**Provided data**
=== Begin Enclosure ===

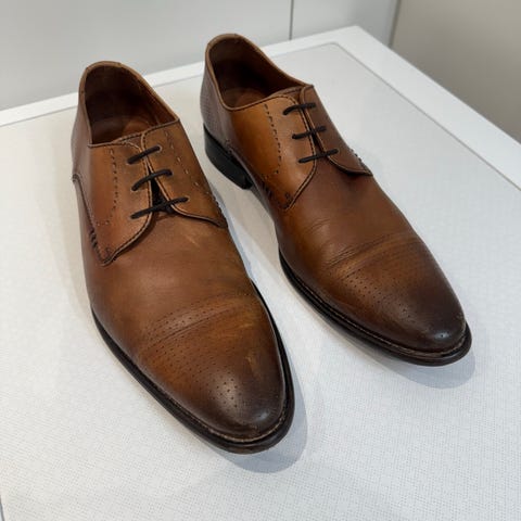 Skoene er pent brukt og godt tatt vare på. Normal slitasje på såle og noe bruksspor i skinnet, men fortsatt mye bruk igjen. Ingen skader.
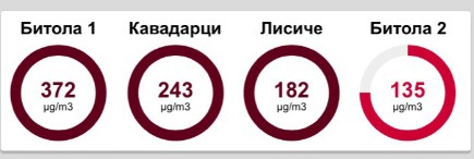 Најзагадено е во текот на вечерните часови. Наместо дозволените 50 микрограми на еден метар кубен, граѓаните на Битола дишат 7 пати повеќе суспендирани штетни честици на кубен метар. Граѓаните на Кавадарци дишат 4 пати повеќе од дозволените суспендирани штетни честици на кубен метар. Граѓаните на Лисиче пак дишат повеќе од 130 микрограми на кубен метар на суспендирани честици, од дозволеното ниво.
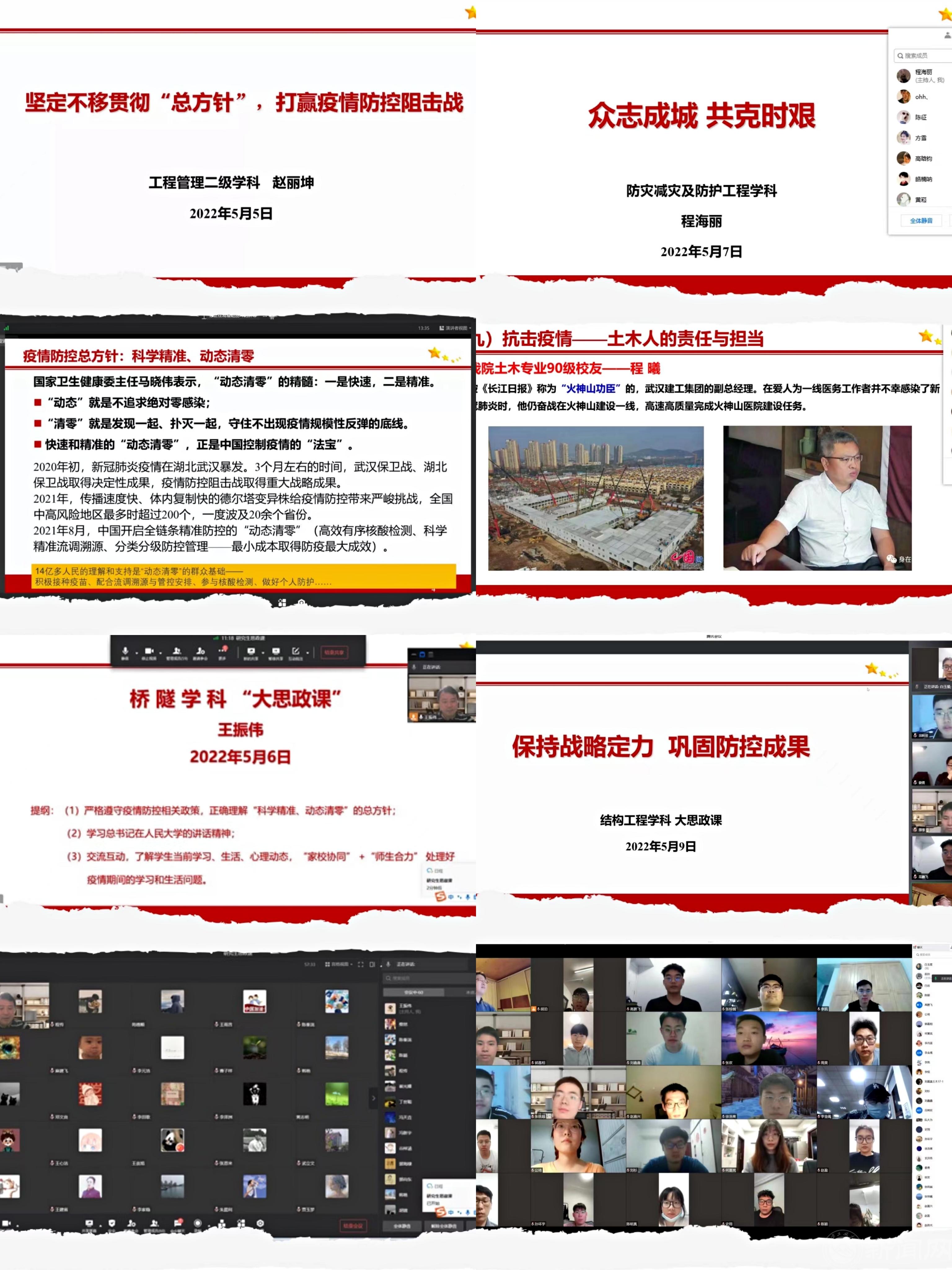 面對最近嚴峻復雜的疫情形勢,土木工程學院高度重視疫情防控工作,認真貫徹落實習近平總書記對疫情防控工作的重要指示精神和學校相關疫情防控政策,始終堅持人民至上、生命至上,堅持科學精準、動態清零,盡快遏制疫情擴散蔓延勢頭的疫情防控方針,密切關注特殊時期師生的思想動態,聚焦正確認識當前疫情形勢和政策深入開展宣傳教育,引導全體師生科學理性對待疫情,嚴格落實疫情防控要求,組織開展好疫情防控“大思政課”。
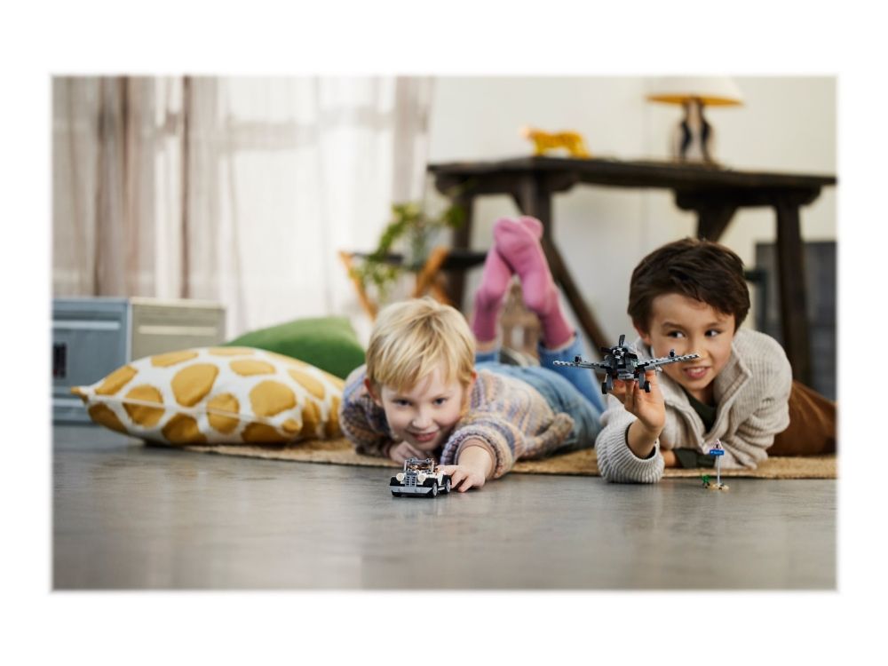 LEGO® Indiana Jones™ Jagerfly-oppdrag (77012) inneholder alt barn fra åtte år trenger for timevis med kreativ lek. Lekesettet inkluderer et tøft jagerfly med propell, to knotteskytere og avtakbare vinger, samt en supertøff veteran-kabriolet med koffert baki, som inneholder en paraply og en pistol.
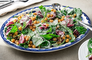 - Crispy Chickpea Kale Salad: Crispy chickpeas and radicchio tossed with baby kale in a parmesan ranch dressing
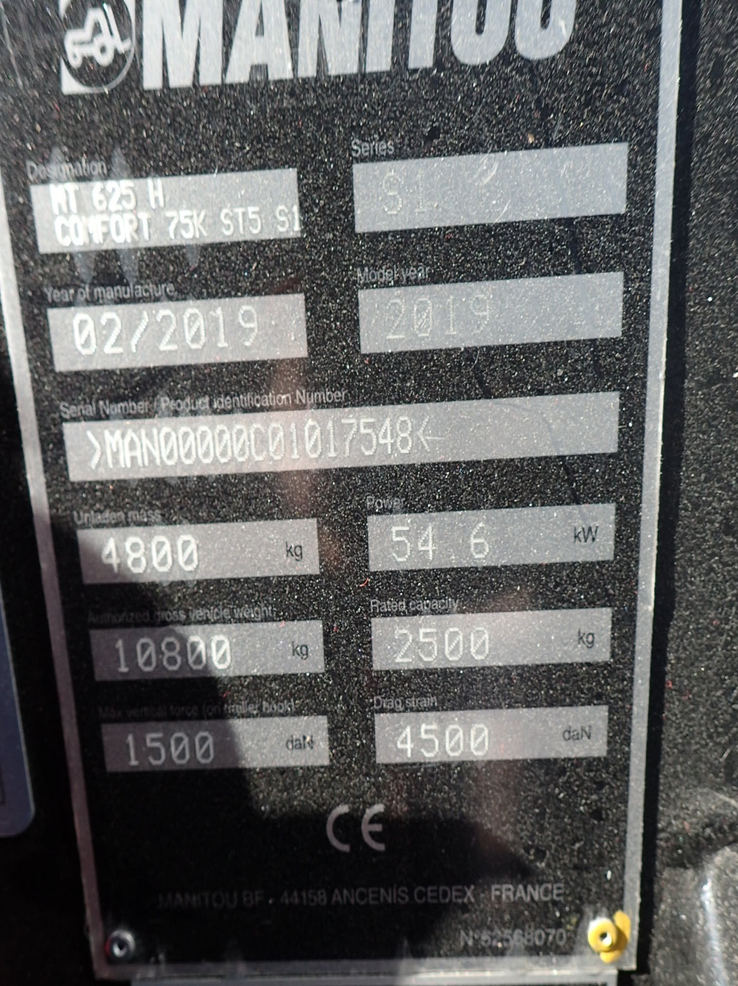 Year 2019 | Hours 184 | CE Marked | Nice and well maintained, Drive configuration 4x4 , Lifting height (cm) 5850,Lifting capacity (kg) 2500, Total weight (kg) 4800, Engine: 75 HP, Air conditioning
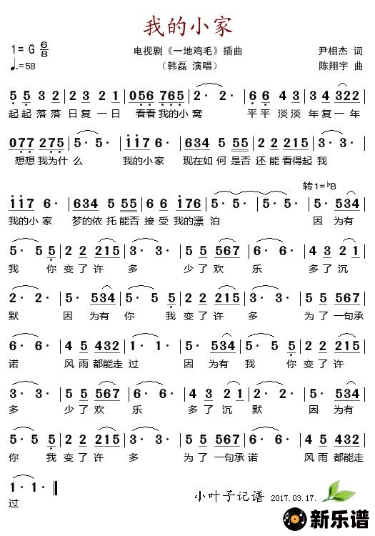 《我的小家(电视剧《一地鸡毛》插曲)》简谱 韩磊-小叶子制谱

=== End Enclosure ===
=== Begin Enclosure ===

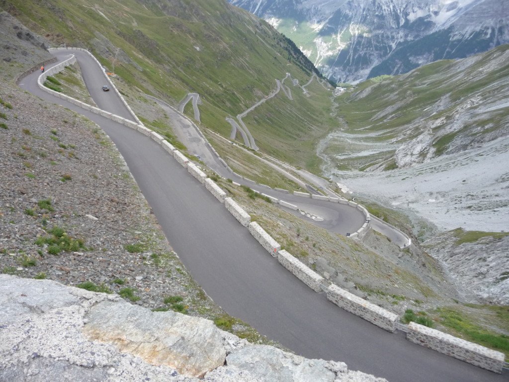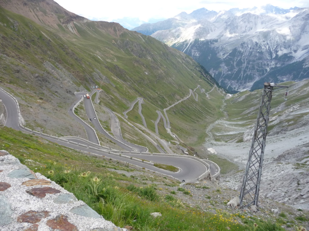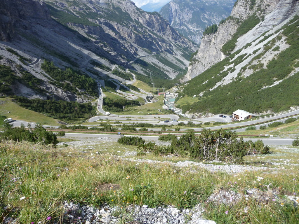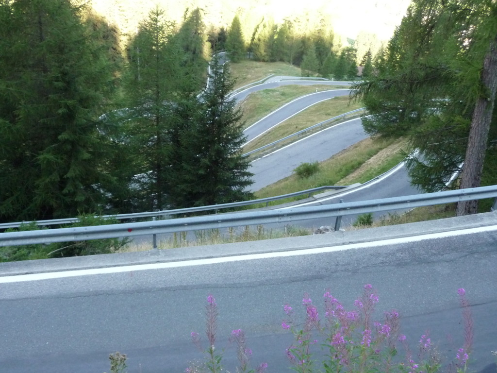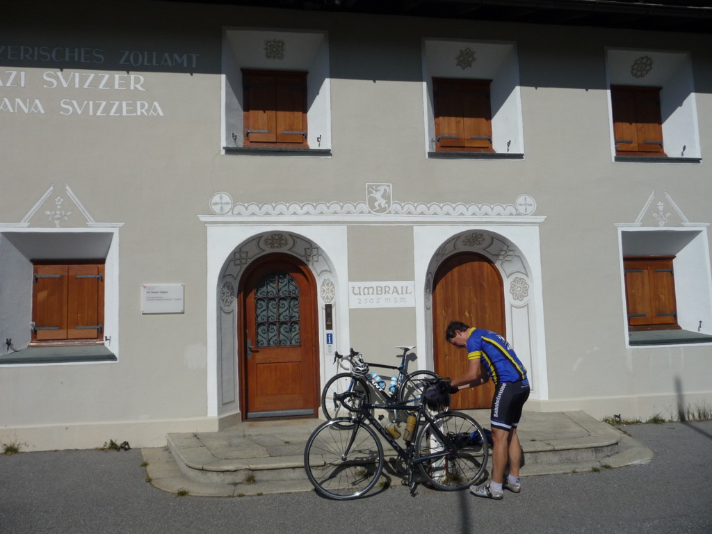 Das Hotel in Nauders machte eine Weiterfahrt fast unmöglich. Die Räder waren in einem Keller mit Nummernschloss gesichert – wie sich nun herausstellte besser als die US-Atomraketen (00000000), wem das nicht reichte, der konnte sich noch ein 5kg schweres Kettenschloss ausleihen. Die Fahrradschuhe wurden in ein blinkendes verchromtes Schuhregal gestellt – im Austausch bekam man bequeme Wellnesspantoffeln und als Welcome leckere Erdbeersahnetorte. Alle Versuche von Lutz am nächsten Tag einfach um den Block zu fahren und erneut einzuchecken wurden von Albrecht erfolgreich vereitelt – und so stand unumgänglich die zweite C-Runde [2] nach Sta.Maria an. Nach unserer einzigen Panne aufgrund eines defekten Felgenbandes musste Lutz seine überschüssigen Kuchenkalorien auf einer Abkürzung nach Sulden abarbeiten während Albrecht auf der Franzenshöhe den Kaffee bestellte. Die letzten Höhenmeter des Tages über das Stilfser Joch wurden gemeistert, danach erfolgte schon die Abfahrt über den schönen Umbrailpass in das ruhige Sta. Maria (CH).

=== End Enclosure ===

**Task goal**
"Skoene er pent" marks the first line to copy, and "- Crispy Chickpea" marks the last. Repeat that stretch above exactly, with no pictures.

**Reply to the exercise**
 Skoene er pent brukt og godt tatt vare på. Normal slitasje på såle og noe bruksspor i skinnet, men fortsatt mye bruk igjen. Ingen skader.
 Најзагадено е во текот на вечерните часови. Наместо дозволените 50 микрограми на еден метар кубен, граѓаните на Битола дишат 7 пати повеќе суспендирани штетни честици на кубен метар. Граѓаните на Кавадарци дишат 4 пати повеќе од дозволените суспендирани штетни честици на кубен метар. Граѓаните на Лисиче пак дишат повеќе од 130 микрограми на кубен метар на суспендирани честици, од дозволеното ниво.
 面對最近嚴峻復雜的疫情形勢,土木工程學院高度重視疫情防控工作,認真貫徹落實習近平總書記對疫情防控工作的重要指示精神和學校相關疫情防控政策,始終堅持人民至上、生命至上,堅持科學精準、動態清零,盡快遏制疫情擴散蔓延勢頭的疫情防控方針,密切關注特殊時期師生的思想動態,聚焦正確認識當前疫情形勢和政策深入開展宣傳教育,引導全體師生科學理性對待疫情,嚴格落實疫情防控要求,組織開展好疫情防控“大思政課”。
 LEGO® Indiana Jones™ Jagerfly-oppdrag (77012) inneholder alt barn fra åtte år trenger for timevis med kreativ lek. Lekesettet inkluderer et tøft jagerfly med propell, to knotteskytere og avtakbare vinger, samt en supertøff veteran-kabriolet med koffert baki, som inneholder en paraply og en pistol.
 - Crispy Chickpea Kale Salad: Crispy chickpeas and radicchio tossed with baby kale in a parmesan ranch dressing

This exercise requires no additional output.